TASK DETAILS
The lines below from the one with "- 2018년 ‘5·18" up to and including the one with "Optimiza el rendimiento" are what you should set down, exactly and without pictures.

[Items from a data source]
+ + + +
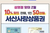 광장일보 이현나 기자 | 충남 서산시는 2026년 2월 설 명절을 맞아 지역 경제 활성화를 위해 서산사랑상품권을 150억 원 규모로 확대 발행한다고 밝혔다. 시는 2월 한시적으로 서산사랑상품권 1인당 구매 한도액을 기존 40만 원에서 50만 원으로 상향하고, 할인율은 기존과 동일한 10%를 적용한다. 모바일(카드) 상품권은 오는 2월 1일 오전 6시부터 ‘지역사랑상품권 chak’ 앱을 통해 구매할 수 있다. 지류 상품권은 2월 2일 농축협, 신협, 수협, 새마을금고, 우체국, 하나은행 등 판매대행점 58개소 개점 시간부터 구매할 수 있다. 구입한 상품권은 관내 가맹점 7,575개소에서 사용할 수 있으며, 자세한 사항은 서산시 누리집에서 확인할 수 있다. 이완섭 서산시장은 “이번 서산사랑상품권의 확대 발행이 설 명절을 맞은 시민의 가계 부담을 덜고, 지역 내 소비 촉진을 통해 소상공인 매출 증대와 골목상권 활성화로 이어지길 바란다”라고 말했다.
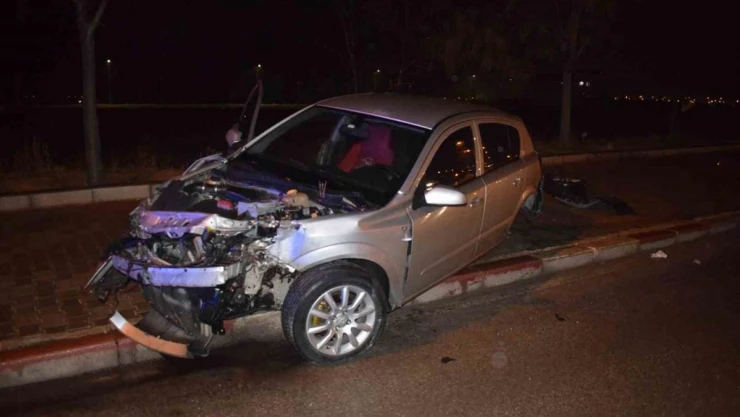 Karaman'da kontrolden çıkan otomobil aydınlatma direğine çarptı
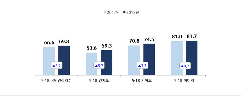 - 2018년 ‘5·18 국민인식지수’는 69.8점으로 2017년(66.6점)에 비해 3.2점 상승함
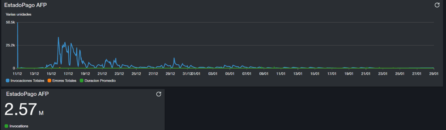 El monitoreo es una componente fundamental en cualquier solución, se construyeron diversos paneles de monitoreo de Amazon Cloudwatch, en conjunto con una serie de reglas, alertas, notificaciones y alarmas que permiten mantener la plataforma funcional y operativa 24/7.
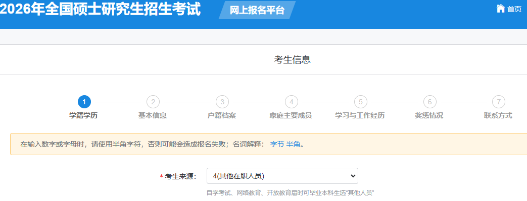 6. 学籍学历信息中“考生来源”一般为“4其他在职人员”。
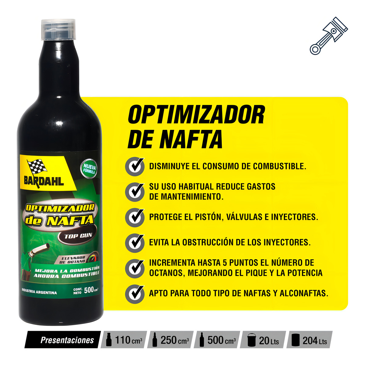 Optimiza el rendimiento del motor, mejora la combustión y disminuye el consumo de combustible. Incrementa hasta 5 puntos el número de octanos, evita obstrucciones en los inyectores y protege contra la corrosión. También prolonga la vida útil de las bujías y filtros, y reduce la emisión de gases contaminantes.
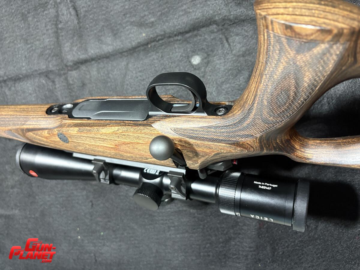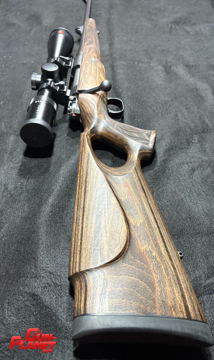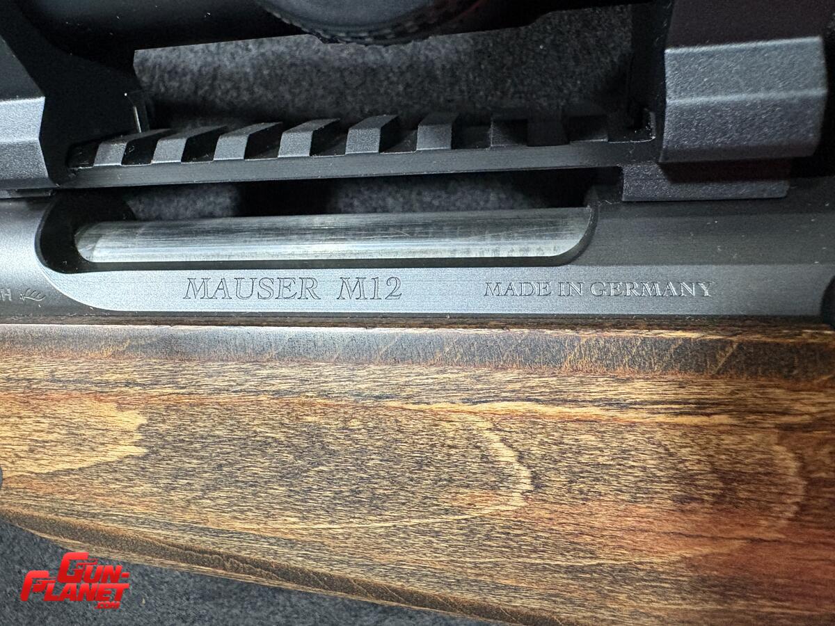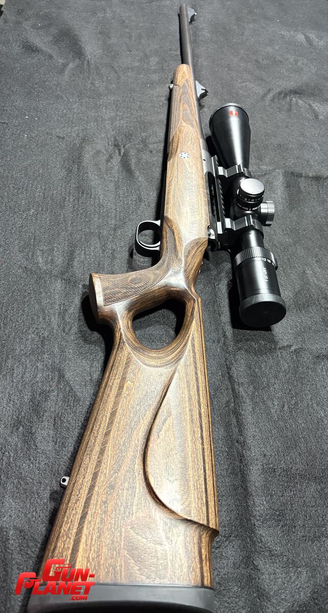 Fusil Mauser M12 GTI. Culata thumbole laminada con mira Leica Amplus 6 retículo iluminado anillas quitypon de acero originales. Gatillo Mach Seco. Seguro de tres posiciones. Cargador de 5 tiros detachable. Todo el conjunto es nuevo. Se armó pero todavía no se disparó. No está calibrado aún. Muy pocos de estos rifles entraron a Argentina. Equipo 100x100 Alemán.
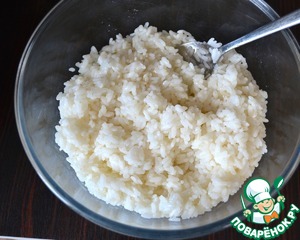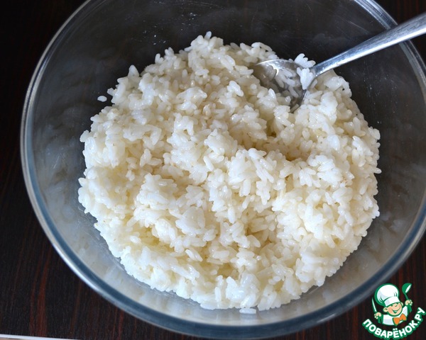 Рис отварить до полуготовности в слегка подсоленой воде. Готовый рис слить и обдать холодной водой, чтобы остановить процесс приготовления. Он должен получиться рассыпчатым.
+ + + +
ANSWER TO THE EXERCISE
 - 2018년 ‘5·18 국민인식지수’는 69.8점으로 2017년(66.6점)에 비해 3.2점 상승함
 El monitoreo es una componente fundamental en cualquier solución, se construyeron diversos paneles de monitoreo de Amazon Cloudwatch, en conjunto con una serie de reglas, alertas, notificaciones y alarmas que permiten mantener la plataforma funcional y operativa 24/7.
 6. 学籍学历信息中“考生来源”一般为“4其他在职人员”。
 Optimiza el rendimiento del motor, mejora la combustión y disminuye el consumo de combustible. Incrementa hasta 5 puntos el número de octanos, evita obstrucciones en los inyectores y protege contra la corrosión. También prolonga la vida útil de las bujías y filtros, y reduce la emisión de gases contaminantes.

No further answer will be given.